Our research protocol was developed and approved by the institutional review board (IRB). The study was conducted in compliance with the ethical standards of the responsible institution on human subjects as well as with the Helsinki Declaration. We included patients with history of New York Heart Association (NYHA) class III systolic HF longer than 6 months with a pre-implanted intracardiac defibrillator (ICD) capable of monitoring TI (St. Jude Medical’s Corvue™ Birmingham, MN) and pre-implanted CardioMEMs™ remote HF monitoring device. Eligible patients were identified using the Merlin.net™ database of patients with CardioMEMs™ device previously implanted at our institution (Ascension Providence Hospital, Southfield) and cross-checking them with our pacemaker clinic to assess whether they have implanted ICDs which can measure TI (St. Jude Medical’s Corvue™). After initial identification, subjects were brought in for a routine clinic visit where consent for enrolment in the study was obtained. During this initial visit, each patient was assessed for volume status and current medications, baseline assessment of pulmonary artery diastolic pressure (PAdP) via CardioMems device along with their St. Jude ICD interrogation. Patients were subsequently prospectively followed over a period of 12 weeks. Medication changes, if needed, were left to the treating cardiologist’s discretion.
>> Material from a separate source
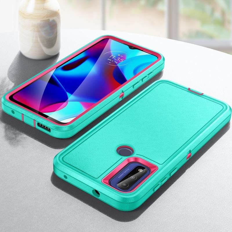 Για Motorola G Pure 2022 Life Αδιάβροχη αδιάβροχη θήκη τηλεφώνου PC + σιλικόνης (μπλε + ροζ)
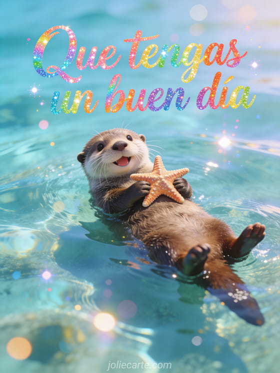 Desea a alguien un jueves maravilloso con este alegre saludo de nutria. Descubre también una tarjeta que tengas un buen día feliz jueves o una tarjeta buen jueves sol.

Remote hemodynamic data were acquired from the St. Jude portal (Merlin) for weekly CardioMems PAdP transmissions and biweekly transmissions from CorVue TI recordings. Weekly PAdP values (mm Hg) were averaged (defined to be valid for at least three valid transmissions per week) for an individual subject during the follow-up duration.
TI data were acquired from St. Jude’s CorVue remote device monitoring system. The weekly values (ohms) were acquired from reconstructed graphs/curves using the web-based software program, WebPlotDigitizer [20 ]. For comparison across a uniform variable for the two methods, weekly PAdP measurements were averaged. Weekly percentage change was then calculated as: Weekly percentage change = (week 2 - week1)/week 1 × 100.